# Общий раздел > Красота и здоровье > Спорт >  Производство и монтаж спортивных покрытий

## derty

Производство и монтаж спортивных покрытий

[Скрытая ссылка. Необходима регистрация. ] 

В наш век гиподинамии физические нагрузки актуальны не только для профессиональных спортсменов во время тренировок, но и для обычных людей. Не зря говорят: «Движение – это жизнь». Однако занятия спортом повышают риски получения различных травм, как профессионалами, так и любителями.  
Спортивные покрытия

Проблема частично решается монтажом на спортивных площадках, беговых дорожках, стадионах, теннисных кортах специальных спортивных покрытий. Речь идет о практичных, надежных, универсальных материалах, которые широко используются в помещениях и на улице.
Особенной популярностью пользуются спортивные полиуретановые покрытия торговой марки «Эластур». Под термином «полиуретан» подразумевают группу гетероцепных полимеров, обладающих рядом полезных свойств, которые они «передают по наследству» изготовленным из них изделиям, в том числе и спортивным напольным покрытиям.

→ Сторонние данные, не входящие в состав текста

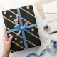 Elegant Black & Gold Foil Christmas Stripes & Dots Wrapping Paper
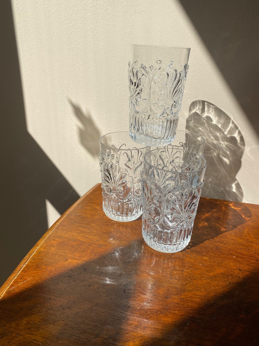 Vintage Shell Embossed Bar Glassware Set of 4 Etsy

Последние отличаются следующими достоинствами:
высокой механической прочностью;
отличными динамическими и упруго-релаксационными свойствами;
износостойкостью, долгим сроком эксплуатации;
безопасностью, обусловленной полным отсутствием скольжения и экологичностью;
водонепроницаемостью.
Помимо этого, продукция марки «Эластур» отличается декоративностью внешнего вида.
Производство спортивных покрытий

Изготовление указанного материала предполагает использование современных технологий и оборудования. Для его производства в качестве сырья применяется двухкомпонентная полиуретановая композиция с основой из жидких низкомолекулярных каучуков и резинового гранулята (в пропорции 60 на 40% соответственно). Данная композиция составляет нижний слой покрытия.  
Верхний             водонепроницаемый слой, выполняющий защитную и декоративную функции, изготавливают из смеси жидких низкомолекулярных каучуков и отвердителя. До отвердения верхнего слоя его сформированная поверхность покрывается цветным гранулятом.
Монтаж спортивных покрытий

В зависимости от вида основания различают 2 типа установки покрытий для спортивных площадок.
Традиционный

Подразумевается монтаж Покрытия на твердые основания:
бетон;
асфальт;
старых изношенных хард-кортах, даже если на них присутствуют трещины.
Традиционный тип монтажа спортивных покрытий является более предпочтительным, поскольку он способствует более полному раскрытию полезных свойств обсуждаемого материала.
Экономичный

Данный тип предполагает установку покрытий прямо в уплотненный песок, то есть на песчаную подушку. Это более дешевый способ монтажа, поскольку при нем не сооружается твердое основание. Данный, по сути, уникальный метод используется в ситуациях, когда по каким-то причинам сооружение твердого основания невозможно.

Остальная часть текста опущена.